Load and preprocess batches asynchronously while your model runs inference, preventing I/O from blocking GPU utilization.

Why this matters

In production inference pipelines, data loading often takes longer than model inference itself. If you load data synchronously, your GPU idles between batches. Async loading keeps the GPU fed continuously, reducing end-to-end latency by 40-60% on I/O-bound workloads.
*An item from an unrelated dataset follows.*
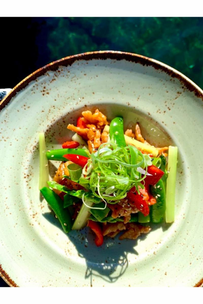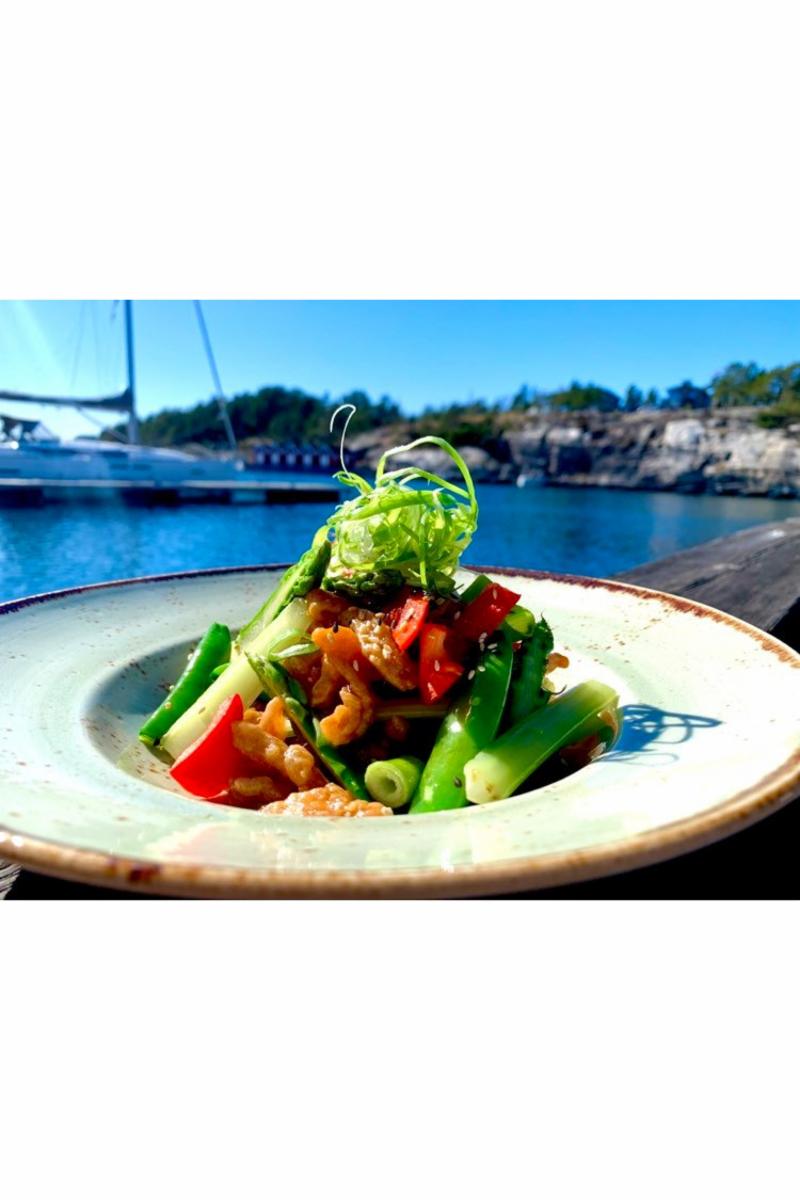 Fritert finstrimlet kylling, asparges, sukkererter, paprika, stangselleri og ris. Toppet med plomme- og chilisaus.
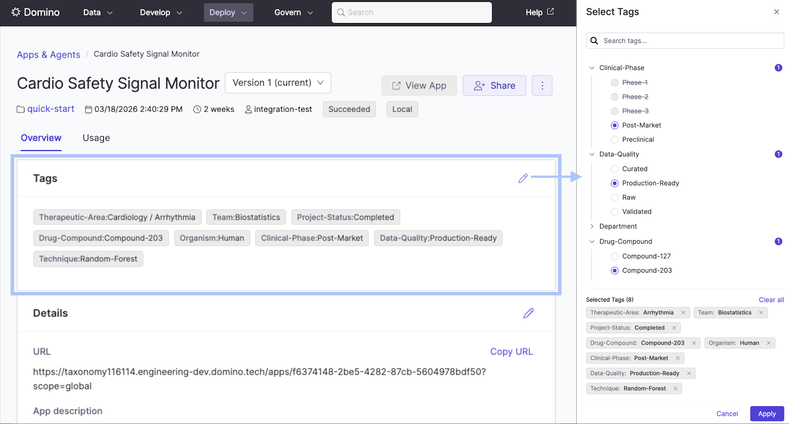 | If a namespace is configured to allow only one tag per entity, selecting a new tag replaces the existing one. |

Skip if: Don't use async data loading if your inference is CPU-bound (small models, edge devices), your data is already in memory, or your batch size is so small that I/O is negligible. Also avoid it if you need strict ordering guarantees that async operations might compromise.

Explanation

Async data loading during inference means fetching and preprocessing your next batch of data while the current batch runs through the model. Instead of waiting for data to load before starting inference, you pre-load the next batch in parallel. Mechanically, this works by spawning an async task (via asyncio or a thread pool) that loads data into a queue while your main inference loop consumes batches from that queue. The model and loader run concurrently: when the model finishes batch N, batch N+1 is already loaded and ready. When to use it: your inference pipeline spends >20% of time waiting for data (disk reads, network requests, heavy preprocessing), you have consistent batch sizes, and you can tolerate a small memory overhead for the prefetch queue.

Analogy

Think of a restaurant kitchen: the chef (GPU) cooks one dish while the prep cook (async loader) readies the next one. If the prep cook waits until the chef finishes to start prepping, the chef sits idle. If they work in parallel, the chef always has the next dish ready.

Code

python

import asyncio
import torch
from transformers import AutoTokenizer, AutoModelForCausalLM
from collections import deque
import time

tokenizer = AutoTokenizer.from_pretrained('gpt2')
model = AutoModelForCausalLM.from_pretrained('gpt2', device_map='auto', torch_dtype=torch.float32)

documents = [
    "The future of AI is transformative and exciting.",
    "Machine learning models require careful data handling.",
    "Async operations improve pipeline efficiency significantly.",
    "Inference optimization is critical for production systems.",
    "Transformers have revolutionized natural language processing."
]

queue = deque()
queue_lock = asyncio.Lock()
max_queue_size = 2

async def async_loader(batch_indices, delay=0.5):
    """Simulate async data loading with network/disk delay."""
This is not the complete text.